Architecture: Hybrid Mamba-Transformer MoE
Nemotron 3 Ultra uses a novel hybrid Mamba-2 / Transformer / Mixture-of-Experts architecture. With 550 billion total parameters but only 55 billion active per token (90% sparsity), the model achieves intelligence comparable to much larger dense models while keeping inference costs closer to a 55B-class system. It supports up to 1 million tokens of context, a meaningful advantage for long-running enterprise AI agents where competing Chinese models often max out at 256K.

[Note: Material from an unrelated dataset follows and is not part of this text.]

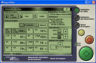 Utilize esta aplicação para transformar o seu produto numa fotocopiadora digital. A aplicação assemelha-se a uma fotocopiadora; no entanto, as suas funções são mais eficazes e flexíveis do que as fotocopiadoras convencionais. Quando inicia esta aplicação, aparece o ecrã apresentado em seguida.
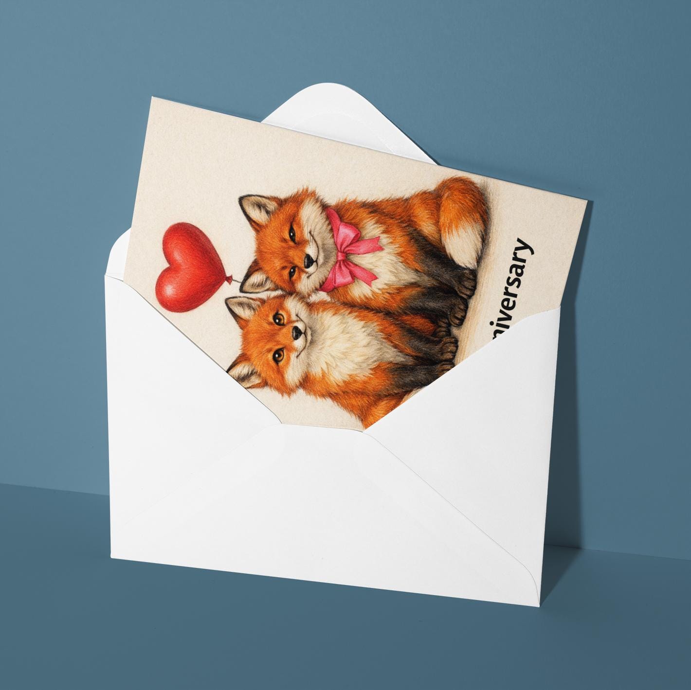 BLANK INTERIOR FOR A PERSONAL TOUCH: Our Animal Hugs Collection - Fox Heart Snuggle - Happy Anniversary card and other whimsical designs feature a blank interior, giving you ample space to write a personal message from the heart. Perfect for any occasion, each card comes with a matching white envelope, making it easy to send your unique sentiments to loved ones.

Performance: US #1, But China Still Leads
On the Artificial Analysis Intelligence Index, Nemotron 3 Ultra scores 48, making it the most intelligent open-weights model released by a US lab. It comfortably leads Google's Gemma 4 31B (39), Nemotron 3 Super (36), and OpenAI's gpt-oss-120b (33).
However, the China-US open-weights gap persists. Moonshot's Kimi K2.6 leads at 54, followed by GLM-5.1 (51) and MiniMax-M2.7 (49). Nemotron 3 Ultra narrows the gap considerably compared to prior US models but does not close it.
Speed: The Real Competitive Edge
Where Nemotron 3 Ultra clearly dominates is inference speed. On a pre-release DeepInfra endpoint, it served over 300 tokens per second — roughly 3–6× faster than comparable models from DeepSeek and Moonshot (typically 50–100 tokens/sec in production). For enterprise agentic workflows where latency directly impacts user experience and cost, this gap is decisive.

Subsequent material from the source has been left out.